#### [What the exercise asks]
In the listing below, find the line containing "QMFUR Women's Furry" and the line containing "Για Apple Watch", then copy exactly everything from the first through the second, except the pictures.
◆ ◆ ◆ ◆
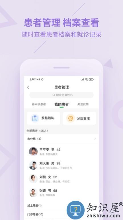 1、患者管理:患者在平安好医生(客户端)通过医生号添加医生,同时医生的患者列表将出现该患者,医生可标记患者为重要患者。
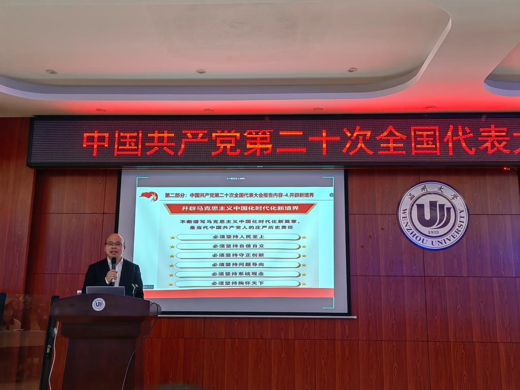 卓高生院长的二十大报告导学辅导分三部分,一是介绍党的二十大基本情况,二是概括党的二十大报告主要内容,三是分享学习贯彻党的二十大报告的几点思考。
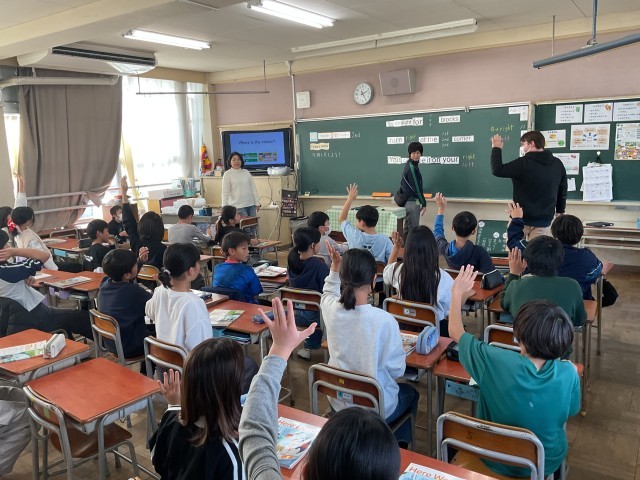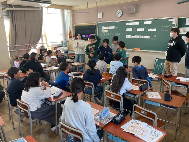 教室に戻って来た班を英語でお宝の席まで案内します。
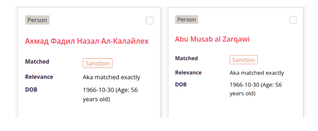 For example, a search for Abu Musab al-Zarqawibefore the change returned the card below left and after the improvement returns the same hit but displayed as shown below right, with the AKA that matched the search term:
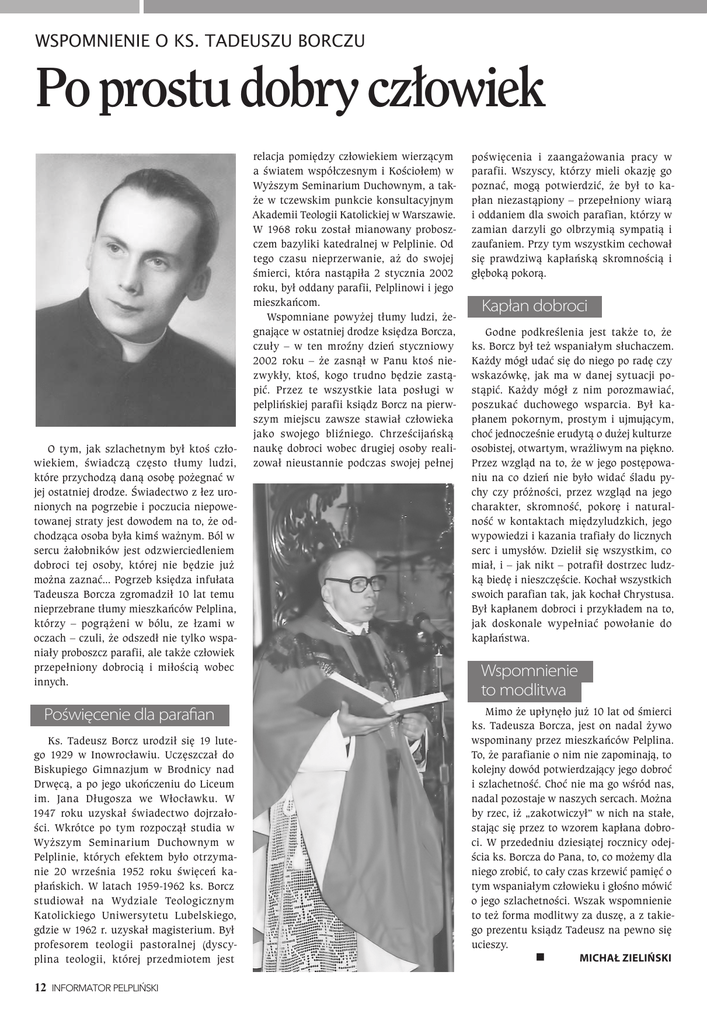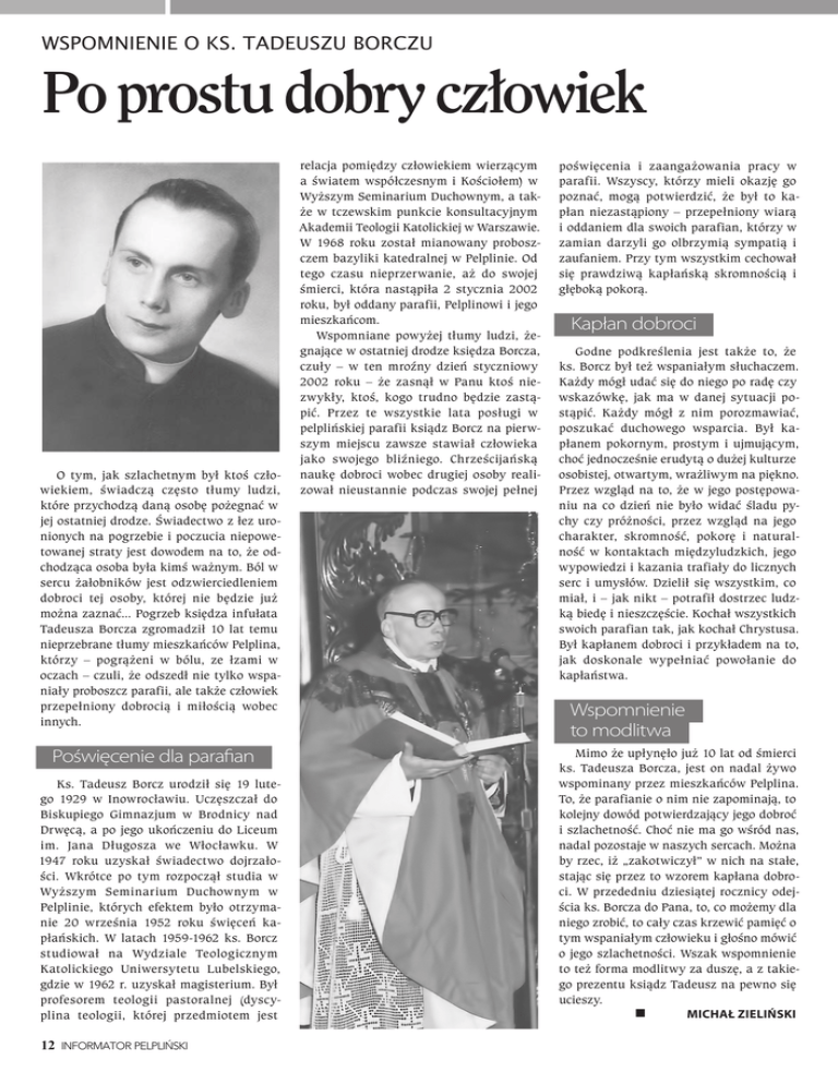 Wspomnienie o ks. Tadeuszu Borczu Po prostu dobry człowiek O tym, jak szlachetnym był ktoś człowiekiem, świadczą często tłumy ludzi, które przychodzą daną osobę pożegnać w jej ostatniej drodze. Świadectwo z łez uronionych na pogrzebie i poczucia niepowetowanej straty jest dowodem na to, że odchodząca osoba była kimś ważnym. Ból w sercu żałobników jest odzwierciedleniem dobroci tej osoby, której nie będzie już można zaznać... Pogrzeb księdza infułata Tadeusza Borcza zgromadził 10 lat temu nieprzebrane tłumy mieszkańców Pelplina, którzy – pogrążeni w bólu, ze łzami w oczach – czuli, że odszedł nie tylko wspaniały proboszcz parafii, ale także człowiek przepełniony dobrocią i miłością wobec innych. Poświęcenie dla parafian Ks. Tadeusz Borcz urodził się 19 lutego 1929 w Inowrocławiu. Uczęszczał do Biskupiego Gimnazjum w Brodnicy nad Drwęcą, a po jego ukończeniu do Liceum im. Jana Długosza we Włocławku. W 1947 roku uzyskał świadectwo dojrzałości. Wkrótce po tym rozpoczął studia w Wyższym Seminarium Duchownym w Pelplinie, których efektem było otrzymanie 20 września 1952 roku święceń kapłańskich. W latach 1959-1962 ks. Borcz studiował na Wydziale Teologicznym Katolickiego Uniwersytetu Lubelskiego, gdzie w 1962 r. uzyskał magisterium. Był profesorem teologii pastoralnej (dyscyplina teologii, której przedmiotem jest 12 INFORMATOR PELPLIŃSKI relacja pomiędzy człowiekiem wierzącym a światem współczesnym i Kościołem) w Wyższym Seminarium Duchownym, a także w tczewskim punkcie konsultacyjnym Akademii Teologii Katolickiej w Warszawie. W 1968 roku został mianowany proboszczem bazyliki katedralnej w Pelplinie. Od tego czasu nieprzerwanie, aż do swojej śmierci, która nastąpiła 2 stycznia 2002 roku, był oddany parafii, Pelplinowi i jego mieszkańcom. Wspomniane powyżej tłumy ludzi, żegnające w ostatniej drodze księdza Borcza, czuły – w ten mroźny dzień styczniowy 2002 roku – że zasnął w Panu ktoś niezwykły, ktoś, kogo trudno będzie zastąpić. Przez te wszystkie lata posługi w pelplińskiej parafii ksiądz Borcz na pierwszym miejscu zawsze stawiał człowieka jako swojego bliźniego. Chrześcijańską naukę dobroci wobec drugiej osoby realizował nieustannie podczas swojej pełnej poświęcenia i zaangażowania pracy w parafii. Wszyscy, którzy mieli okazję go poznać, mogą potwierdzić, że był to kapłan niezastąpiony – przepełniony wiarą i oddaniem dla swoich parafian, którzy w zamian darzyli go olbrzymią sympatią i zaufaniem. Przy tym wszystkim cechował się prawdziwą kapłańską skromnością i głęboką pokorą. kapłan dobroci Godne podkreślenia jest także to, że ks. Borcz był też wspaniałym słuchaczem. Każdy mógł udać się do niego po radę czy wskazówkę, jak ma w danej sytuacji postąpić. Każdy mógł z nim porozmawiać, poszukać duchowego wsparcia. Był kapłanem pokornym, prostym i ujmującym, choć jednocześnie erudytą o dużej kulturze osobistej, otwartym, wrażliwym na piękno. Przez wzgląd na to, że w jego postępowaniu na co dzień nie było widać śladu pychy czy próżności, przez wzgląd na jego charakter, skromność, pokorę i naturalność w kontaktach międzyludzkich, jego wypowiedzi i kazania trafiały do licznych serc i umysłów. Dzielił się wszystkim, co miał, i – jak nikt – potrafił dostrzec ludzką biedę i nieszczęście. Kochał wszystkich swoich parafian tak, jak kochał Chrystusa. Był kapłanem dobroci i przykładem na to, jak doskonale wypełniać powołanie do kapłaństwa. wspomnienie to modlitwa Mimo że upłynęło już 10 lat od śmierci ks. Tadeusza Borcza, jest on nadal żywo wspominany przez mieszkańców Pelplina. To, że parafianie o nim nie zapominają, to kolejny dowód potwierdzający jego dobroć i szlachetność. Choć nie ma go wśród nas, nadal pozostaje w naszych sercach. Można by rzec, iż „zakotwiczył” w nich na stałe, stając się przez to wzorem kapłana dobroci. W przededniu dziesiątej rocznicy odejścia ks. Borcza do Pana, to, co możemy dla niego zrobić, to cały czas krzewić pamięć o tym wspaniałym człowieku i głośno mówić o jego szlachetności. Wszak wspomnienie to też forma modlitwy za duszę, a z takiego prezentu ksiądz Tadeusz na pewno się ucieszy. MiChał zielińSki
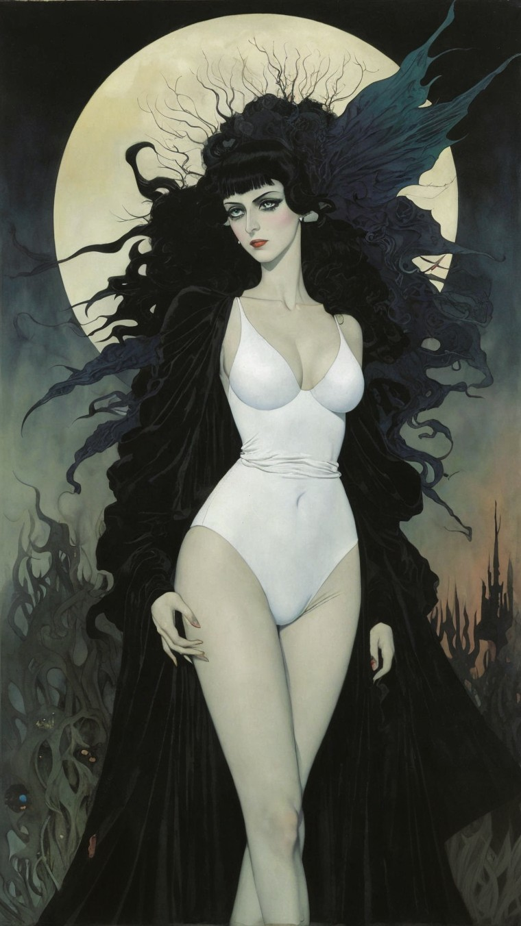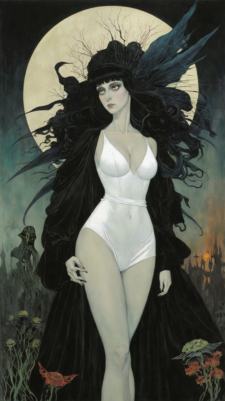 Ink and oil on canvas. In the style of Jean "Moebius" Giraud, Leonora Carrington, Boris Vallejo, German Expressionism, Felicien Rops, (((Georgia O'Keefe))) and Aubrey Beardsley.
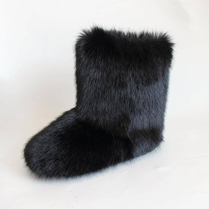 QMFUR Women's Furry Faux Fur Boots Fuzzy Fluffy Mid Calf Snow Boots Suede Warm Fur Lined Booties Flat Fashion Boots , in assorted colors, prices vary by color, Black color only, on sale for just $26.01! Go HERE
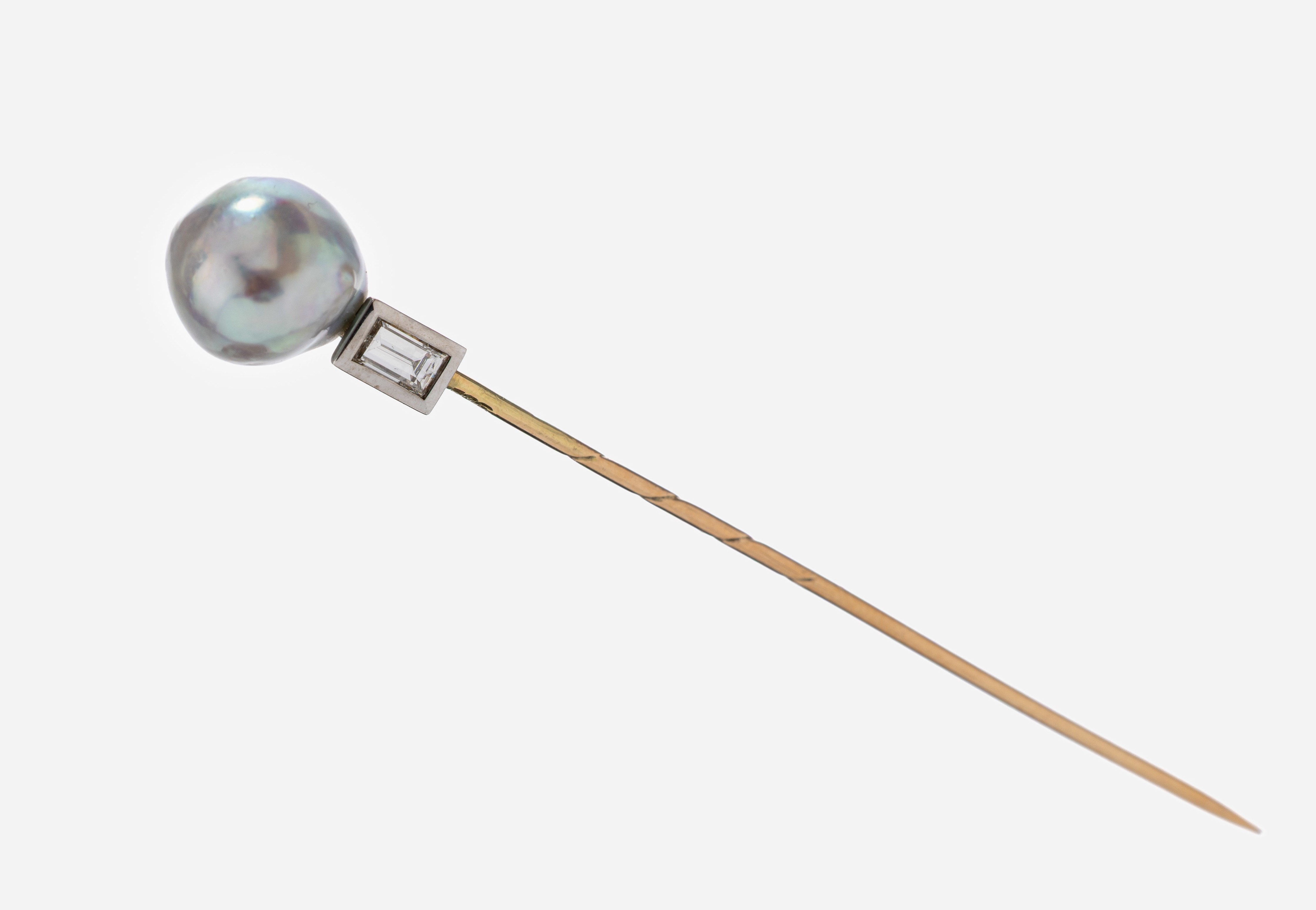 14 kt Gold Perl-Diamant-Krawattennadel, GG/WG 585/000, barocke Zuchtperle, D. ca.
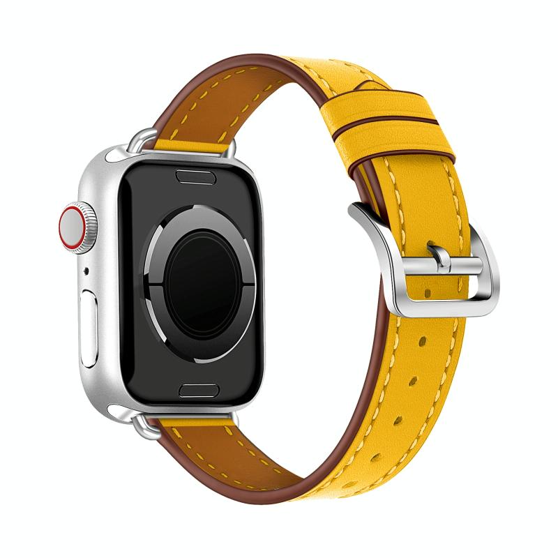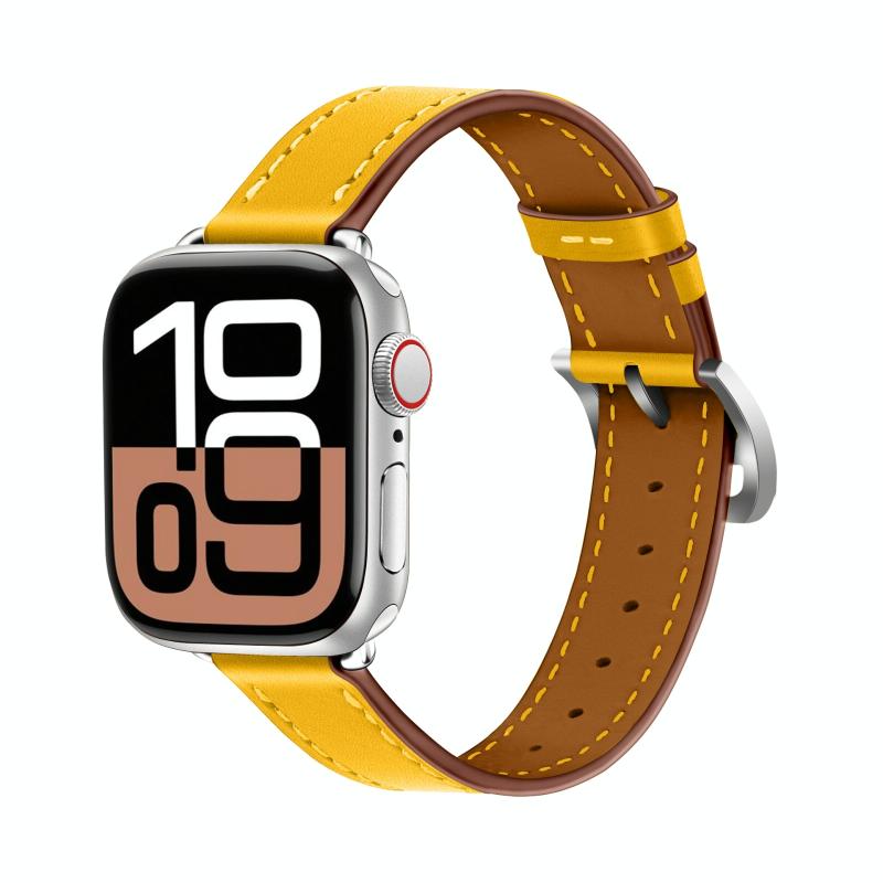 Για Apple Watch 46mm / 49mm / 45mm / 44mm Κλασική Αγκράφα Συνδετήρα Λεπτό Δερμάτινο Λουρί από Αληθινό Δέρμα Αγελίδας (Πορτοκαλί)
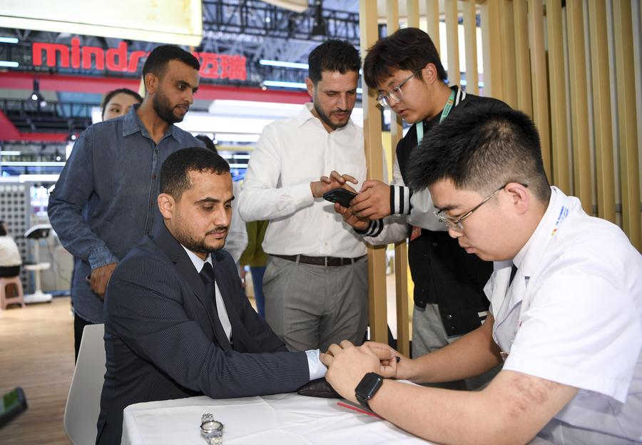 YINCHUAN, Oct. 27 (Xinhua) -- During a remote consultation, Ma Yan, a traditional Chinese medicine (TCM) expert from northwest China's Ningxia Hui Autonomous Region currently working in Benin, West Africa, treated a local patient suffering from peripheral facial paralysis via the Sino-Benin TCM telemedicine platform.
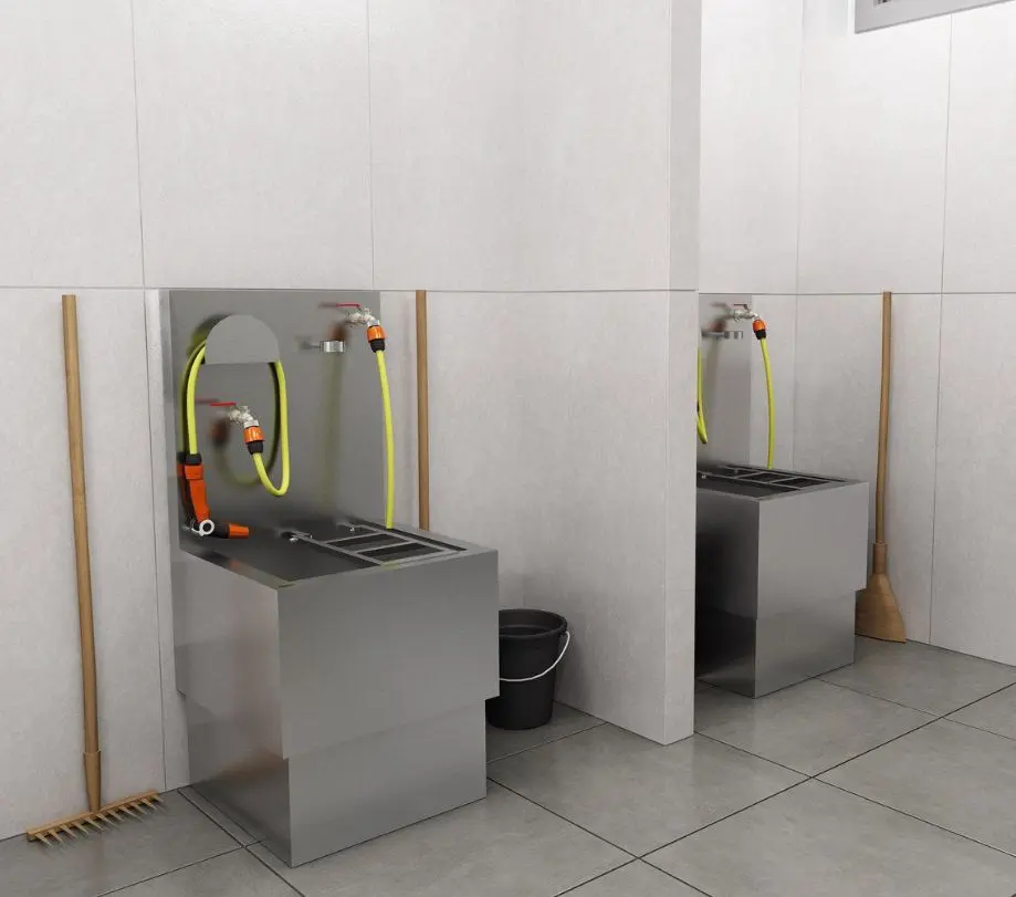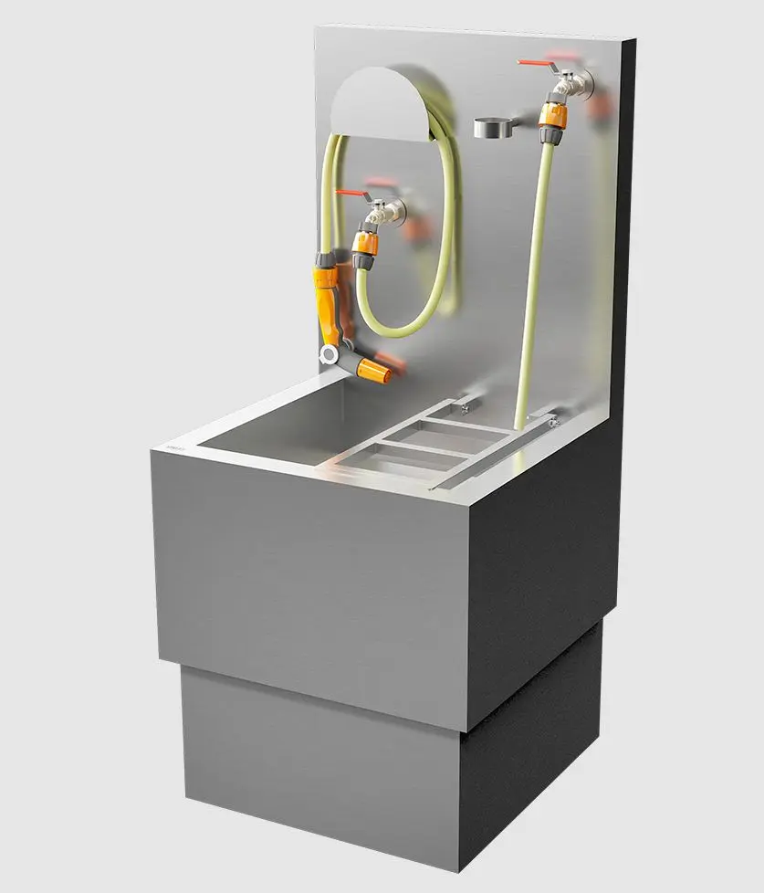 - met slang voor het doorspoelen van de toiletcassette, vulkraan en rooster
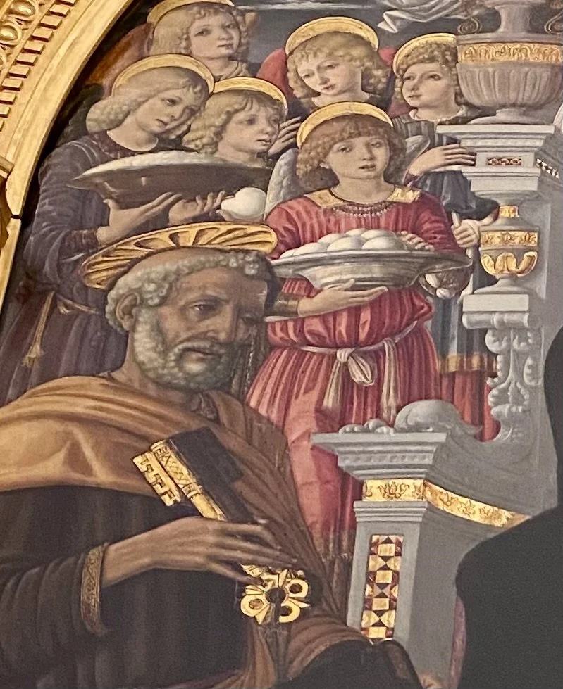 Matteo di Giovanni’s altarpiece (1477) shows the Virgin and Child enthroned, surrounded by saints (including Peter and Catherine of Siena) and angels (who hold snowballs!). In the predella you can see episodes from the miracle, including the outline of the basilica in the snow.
◆ ◆ ◆ ◆
#### [Task answer]
 QMFUR Women's Furry Faux Fur Boots Fuzzy Fluffy Mid Calf Snow Boots Suede Warm Fur Lined Booties Flat Fashion Boots , in assorted colors, prices vary by color, Black color only, on sale for just $26.01! Go HERE
 14 kt Gold Perl-Diamant-Krawattennadel, GG/WG 585/000, barocke Zuchtperle, D. ca.
 Για Apple Watch 46mm / 49mm / 45mm / 44mm Κλασική Αγκράφα Συνδετήρα Λεπτό Δερμάτινο Λουρί από Αληθινό Δέρμα Αγελίδας (Πορτοκαλί)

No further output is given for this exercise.